Placement control: when global isn't optimal

Not every workload benefits from running close to users. A Worker making seven calls to a PostgreSQL database in Frankfurt spends most of its time waiting for round-trips. Running it in Sydney for an Australian user means seven trans-Pacific hops. Running it in Frankfurt means one round-trip from the user, seven fast local calls, and one round-trip back.

Cloudflare offers two approaches to placement optimisation. Smart Placement analyses your Worker's traffic patterns and automatically places execution close to your backend infrastructure. Explicit placement hints let you specify exactly where your Worker should run when you know your backend's location.

Deployment Decision

Smart Placement runs Workers near backends instead of near users when that reduces total latency. Enable it when your Worker makes multiple calls to geographically concentrated services. For known, fixed backend locations, explicit placement hints targeting specific cloud regions (like aws:us-east-1) provide more precise control.

Smart Placement's decision isn't static. Cloudflare continuously monitors your Worker's behaviour and adjusts placement as patterns change. If your backend traffic shifts from predominantly European to predominantly Asian destinations, placement adapts accordingly. You don't manage this; the platform handles it.

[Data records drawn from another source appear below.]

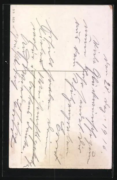 Personenbezogene Daten auf der Rückseite der Karte wurden durch blauen Textmarker unkenntlich gemacht. Die blauen Stellen sind auf die Vorderseite durchgeweicht und wirken sich negativ auf das Postkartenfoto aus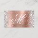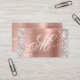 Erstellen Sie Ihre eigenen Imitate funkelnd silber Glitzer und eine Rose Gold Satin Folie Visitenkarten. Auf der Vorderseite befindet sich ein extravagantes, weißes Kalligraphieskriptmonogramm. Sie können die Farbe und den Stil des Schriftartes anpassen. Auf der Rückseite sind weitere Kontaktinformationen verfügbar. Ein mädchenhaftes Design für Hochzeitsplaner oder Schönheitstechniker. Alle mädchenhaften Grafiken und Elemente dieses Designs werden wie ein digitales Foto gedruckt.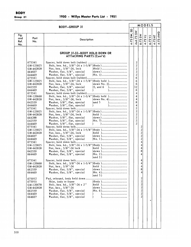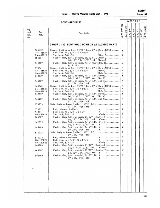 "1950-1951 Willys Motors, Inc. Master Parts List Jeepster Pickup Station Wagon Sedan Delivery"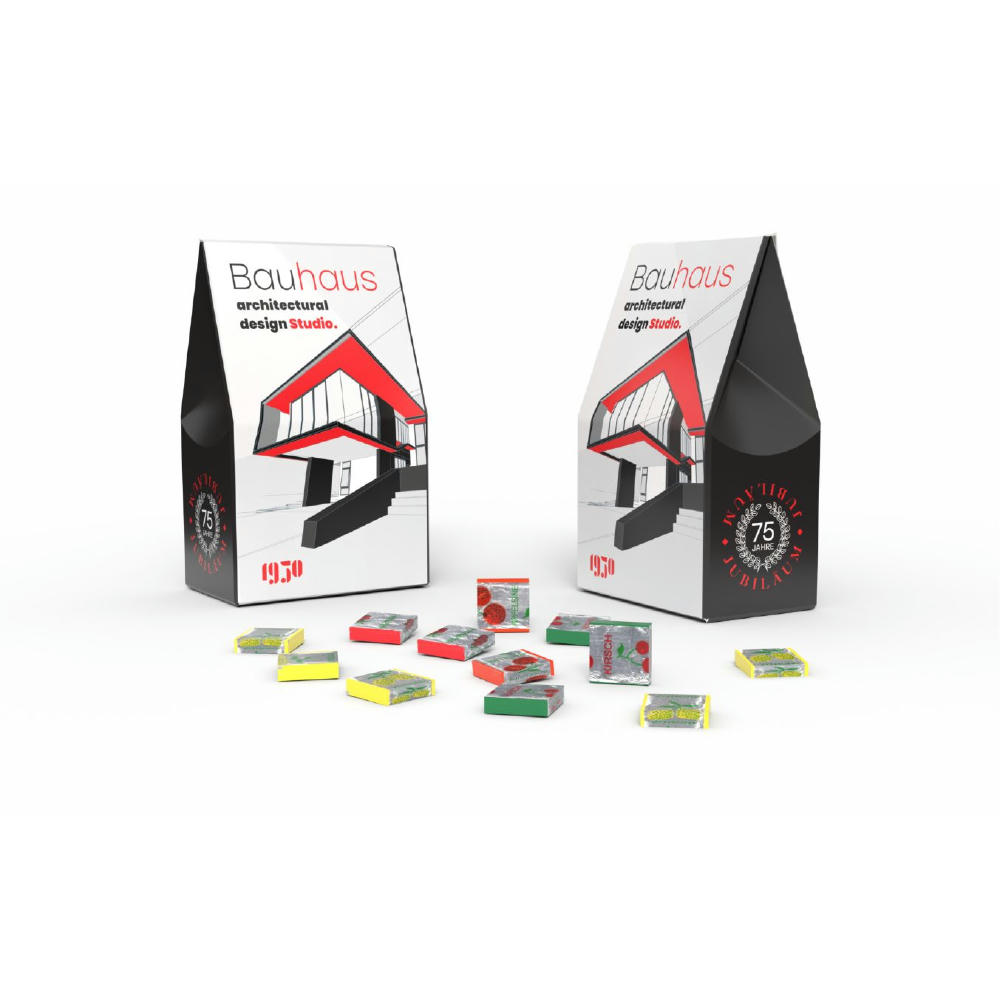Fruchtigen Kaubonbons verpackt in einer hochwertigen Standbodenkartonage. Kartonage rundum veredelbar und aus zertifiziertem Papier. Inkl. 4c-Druck auf der Kartonage.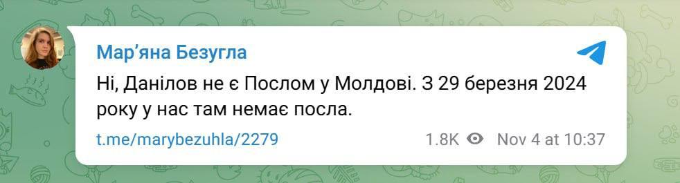 «Хорошо, что в Молдове победила проевропейская кандидатка, досадно, что у нас там до сих пор нет посла. Нет, Данилов — не посол в Молдове. С 29 марта 2024 г. у нас там нет посла», — написала Безуглая.

Explicit placement hints work differently: you tell Cloudflare exactly where to run by specifying a cloud region identifier or by exposing your infrastructure to placement probes. This is useful when you know your backend won't move and want deterministic placement without waiting for Smart Placement to learn your traffic patterns.

The decision of which to use follows a clear heuristic: if your Worker calls a single backend in a known, fixed location, explicit hints provide immediate optimal placement. If you have multiple backends, backends that might move, or you're unsure of optimal placement, Smart Placement adapts automatically. If your Worker is computationally focused with minimal backend calls, or if your backends are themselves globally distributed, the default user-proximity placement is probably better.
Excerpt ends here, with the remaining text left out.